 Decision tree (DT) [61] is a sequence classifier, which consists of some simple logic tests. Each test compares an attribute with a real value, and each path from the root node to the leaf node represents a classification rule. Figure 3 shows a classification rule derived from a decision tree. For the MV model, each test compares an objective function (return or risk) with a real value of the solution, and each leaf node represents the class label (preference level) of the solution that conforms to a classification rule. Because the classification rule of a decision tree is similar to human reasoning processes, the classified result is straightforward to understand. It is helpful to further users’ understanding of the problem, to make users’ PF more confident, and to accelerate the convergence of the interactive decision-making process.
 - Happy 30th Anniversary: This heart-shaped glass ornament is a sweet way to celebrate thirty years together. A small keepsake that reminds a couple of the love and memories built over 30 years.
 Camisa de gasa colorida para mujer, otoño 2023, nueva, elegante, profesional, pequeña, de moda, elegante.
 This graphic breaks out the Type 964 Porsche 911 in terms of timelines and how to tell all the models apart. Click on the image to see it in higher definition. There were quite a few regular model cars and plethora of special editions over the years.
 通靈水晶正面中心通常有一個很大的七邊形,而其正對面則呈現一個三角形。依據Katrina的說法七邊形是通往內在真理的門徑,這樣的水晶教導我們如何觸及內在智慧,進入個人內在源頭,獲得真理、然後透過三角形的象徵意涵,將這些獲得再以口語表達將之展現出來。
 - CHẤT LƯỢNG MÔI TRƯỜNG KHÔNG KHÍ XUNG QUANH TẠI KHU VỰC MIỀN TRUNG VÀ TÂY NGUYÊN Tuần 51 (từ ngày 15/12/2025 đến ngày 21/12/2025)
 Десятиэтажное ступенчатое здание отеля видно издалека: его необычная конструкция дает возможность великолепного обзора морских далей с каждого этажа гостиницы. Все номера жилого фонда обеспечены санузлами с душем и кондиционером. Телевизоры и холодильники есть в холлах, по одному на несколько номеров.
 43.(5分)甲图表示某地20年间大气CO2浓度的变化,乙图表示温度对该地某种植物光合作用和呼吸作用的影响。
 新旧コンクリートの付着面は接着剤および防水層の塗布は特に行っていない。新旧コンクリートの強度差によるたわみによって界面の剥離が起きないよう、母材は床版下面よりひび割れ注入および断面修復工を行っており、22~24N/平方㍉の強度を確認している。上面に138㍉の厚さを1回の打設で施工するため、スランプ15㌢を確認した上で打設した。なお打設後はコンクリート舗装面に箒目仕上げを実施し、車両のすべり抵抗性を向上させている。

★ ★ ★ ★

Exercise » Looking at the data above, count each line that holds the word "years" and report the count alone.

Task result » 2